Lorsqu’un enfant est appelé «oussif» (c’est un mot ressenti comme offensif pour désigner serviteur ou esclave), ça peut lui laisser des blessures à vie : c’est une violence verbale, autrement dit, tout un langage qui s’est construit autour d’une idée de supériorité des uns par rapport aux autres et qui constitue une forme de bullying.
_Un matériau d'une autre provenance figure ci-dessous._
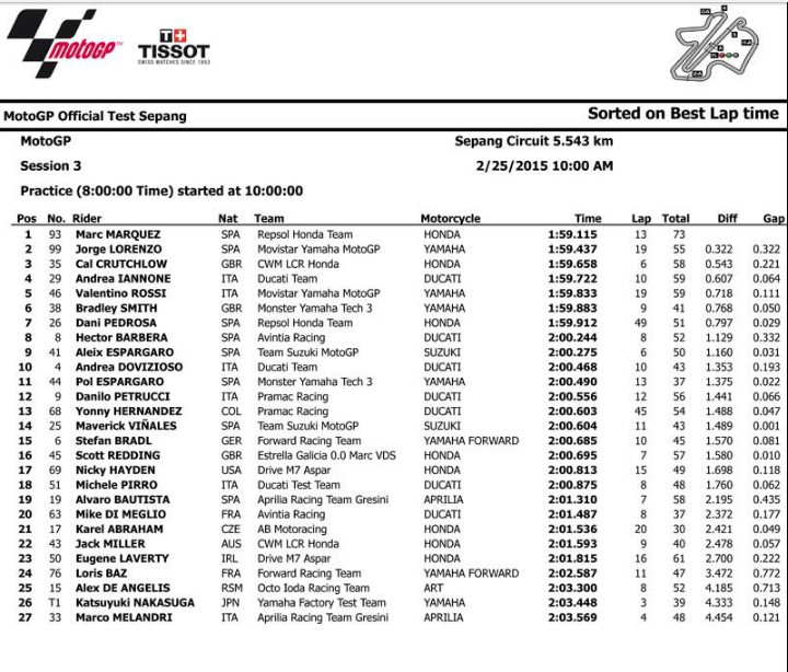 18- Michele Pirro – Ducati Test Team – Ducati Desmosedici GP15 – + 1.760 (49 giri)

Même si cet enfant est le meilleur élève de sa classe, même si c’est un adulte qui a «réussi dans la vie».
Les différentes personnes qui réfléchissent sur la question du racisme font passer le message clairement : il y a déjà les aspects légaux qui visent à assurer que tous les citoyens sont égaux face à la Loi (il a fallu promulguer une loi, suite à des années de lutte de la société civile, relative à toutes formes de discrimination raciale en 2018, car l’abolition de l’esclavage en 1846 n’a pas éradiqué le racisme), puis il faut changer les mentalités, un pari beaucoup plus difficile et à long terme.
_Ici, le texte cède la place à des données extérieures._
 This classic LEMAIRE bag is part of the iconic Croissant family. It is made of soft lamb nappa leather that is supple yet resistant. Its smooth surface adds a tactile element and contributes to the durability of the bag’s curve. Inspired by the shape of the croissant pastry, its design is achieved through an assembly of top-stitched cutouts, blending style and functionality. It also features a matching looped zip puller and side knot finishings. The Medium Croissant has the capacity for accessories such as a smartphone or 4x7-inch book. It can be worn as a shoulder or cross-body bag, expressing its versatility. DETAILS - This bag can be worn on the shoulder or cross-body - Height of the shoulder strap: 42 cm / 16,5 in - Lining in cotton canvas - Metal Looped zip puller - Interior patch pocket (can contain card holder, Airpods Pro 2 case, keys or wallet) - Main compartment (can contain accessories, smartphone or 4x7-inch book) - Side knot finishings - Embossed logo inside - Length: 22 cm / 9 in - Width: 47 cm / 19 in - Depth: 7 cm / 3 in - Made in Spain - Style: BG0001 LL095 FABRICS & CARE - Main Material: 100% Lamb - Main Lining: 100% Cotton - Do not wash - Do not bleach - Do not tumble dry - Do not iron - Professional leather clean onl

Le racisme silencieux, dissimulé, ou le harcèlement racial, ce sont des phénomènes universels, mais encore faut-il arriver à les prévenir, les identifier, les dénoncer et les combattre localement. Pédagogie et sensibilisation, surveillance, fiscalisation et punition («la prison ne change pas les mentalités mais dissuade le fauteur») sont peut-être les idées-clés qui demeurent dans l’esprit.
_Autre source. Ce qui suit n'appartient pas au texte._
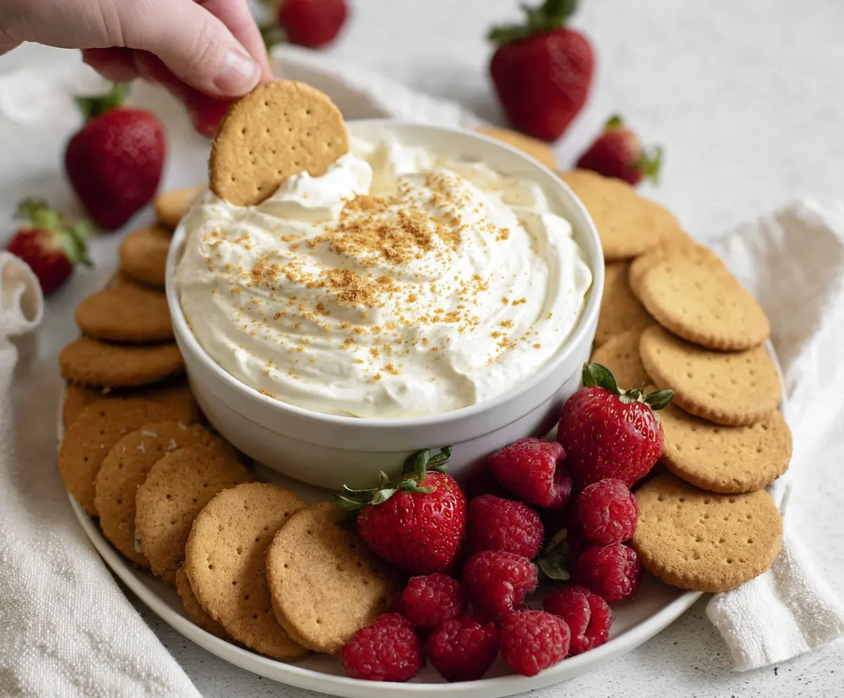 Get ready to dive in! Serve this delightful cheesecake dip with fresh strawberries, vanilla wafer cookies, or graham crackers for dipping. It’s a simple and tasty treat that everyone will love!

Il y a le langage qu’il faut revoir, voire le «nettoyer» de certaines expressions discriminatoires et blessantes, ce qui revient à dire qu’il faudra «éliminer le lexique raciste». Si une loi ne change pas les mentalités dans l’immédiat - la loi à elle seule ne suffit pas -, c’est quand même un début, cela démontre que la société s’organise et fait un effort pour combattre les préjugés. Le témoignage du sociologue nous invite aussi à penser au rôle des médias et des institutions - il faut savoir où et comment déposer plainte -, au rôle de l’école (car le racisme ça s’enseigne, donc le contraire est aussi possible) et du système culturel, à l’importance de l’art pour combattre le racisme sur tous les plans. On parle aussi, dans ce film, d’autres formes de discrimination basées sur l’origine géographique, sur le genre ou les options sexuelles, ce qui peut entrainer une double, voire triple, pénalisation … L’acceptation des préjugés comme une norme de vie ouvre la porte à toutes sortes de comportements nocifs et contraignants dans un tissu social qui se veut moderne, quoique, pour des raisons historiques, le racisme assume des contours de violence verbale, physique et psychologique incomparables, avec des conséquences aussi sur l’économie. Le racisme est, en effet, fort ancré dans de nombreux pays et apparemment la Tunisie ne fait pas exception.
Enfin Mahmoud Jemni fait voyager sa caméra à travers la région, filme ses contradictions, ses stéréotypes, sa vitalité, son art, ses espoirs et son énergie, mais aussi à travers la Tunisie - l’Ifriqiya - et le monde, car les réflexions et le discours antiraciste qui découle de ce documentaire, beau et cohérent, fait avec le cœur, peuvent effectivement changer nos pratiques et nos choix de vie. Nous vivons dans un monde métis et il est important de nous le rappeler au quotidien.